Avukat Can Atalay, 14 Mayıs 2023 tarihinde yapılan genel seçimde Türkiye İşçi Partisi’nden Hatay milletvekili seçildi. Milletvekili seçildikten sonra tahliye istemine yönelik başvurusu Yargıtay 3. Ceza Dairesi tarafından oy birliğiyle reddedildi. Bu karara yapılan itiraz da Yargıtay 4. Ceza Dairesi tarafından oy çokluğuyla reddedildi. Bunun üzerine Can Atalay Anayasa Mahkemesi’ne başvurdu. Anayasa Mahkemesi 25 Ekim 2023 tarihinde “seçilme ve siyasi faaliyette bulunma” ve “kişi hürriyeti ve güvenliği” haklarının ihlal edildiğine karar verdi.
Bunun üzerine İstanbul 13. Ağır Ceza Mahkemesi, Yargıtay 3. Ceza Dairesi’ne Anayasa Mahkemesi’nin ihlal kararını değerlendirmek üzere dosyayı iletti. 8 Kasım 2023 tarihinde Anayasa Mahkemesi’nin ihlal kararını değerlendiren Yargıtay 3. Ceza Dairesi; Can Atalay hakkında kesinleşmiş hüküm verdiğini, Can Atalay’ın milletvekilliğinin kesin olarak düşürüldüğünü, Anayasa Mahkemesi’nin kesinleşmiş bir hükümden dolayı inceleme yaparak yetkisini aştığını ve Anayasayı ihlal ettiğini gerekçe göstererek Can Atalay’ın hapis cezasının onanmasına ve Can Atalay hakkında ihlal kararı veren Anayasa Mahkemesi üyeleri hakkında Yargıtay Cumhuriyet Başsavcılığına suç duyurusunda bulunmasına karar verdi.
Anayasa Mahkemesi kararları idareyi, bütün kurumların gerçek ve tüzel kişileri, mahkemeleri bağlar, esas itibarıyla hukukun bu anlamda uygulandığı yerlerde, mahkemelerde de anayasa kararlarına uyulması da hukukun bir gereğidir. Hukuk güvenliği, hukukun üstünlüğü anlamında olması gereken Anayasa Mahkemesi kararlarının uygulanmasıdır. Mahkemelerin kararları eleştirilebilir ancak uygulanıp uygulanmamasını tartışmaya açmak, anayasayı ve Türkiye Cumhuriyeti’nin hukuk devleti niteliğini tartışmaya açmak anlamına gelir.

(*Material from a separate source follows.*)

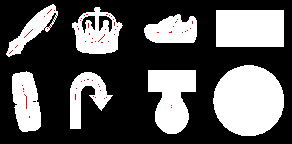 Bináris objektumok esetén szükségünk lehet az objektum középvonalára, vázára. Erre rengeteg szakirodalmi megoldást találhatunk. Az OpenCV sajnos kevés beépített lehetőséget biztosít. Vékonyításra van lehetőségünk a contrib csomagban található ximgproc.thinning() függvénnyel, kétféle implementált algoritmus közül választva.

Yargıtay 3. Ceza Dairesi’nin yargıçları, kesinlikle Anayasa Mahkemesi’nin kararlarının bağlayıcılığını bilmektedirler. Buna karşın böyle bir karar veriyorlarsa, yükseklerden emir ve destek aldıkları bellidir. Buradaki amaç, devlet yönetiminde çatışma çıkartarak, yeni anayasa yapımını gündeme oturtmaktır. Zaten siyasi iktidarın isteği yeni bir anayasa yaparak, iktidarlarını iyice pekiştirmek, içlerine sinmeyen özellikle anayasanın ilk dört maddesi ile bunları destekleyen diğer hükümleri ortadan kaldırmaktır. Yani sürekli sivil darbe yaparak, ülkeyi karanlığa itmektir. Bu konuda muhalefetten de destek alacaklarını düşünmektedirler.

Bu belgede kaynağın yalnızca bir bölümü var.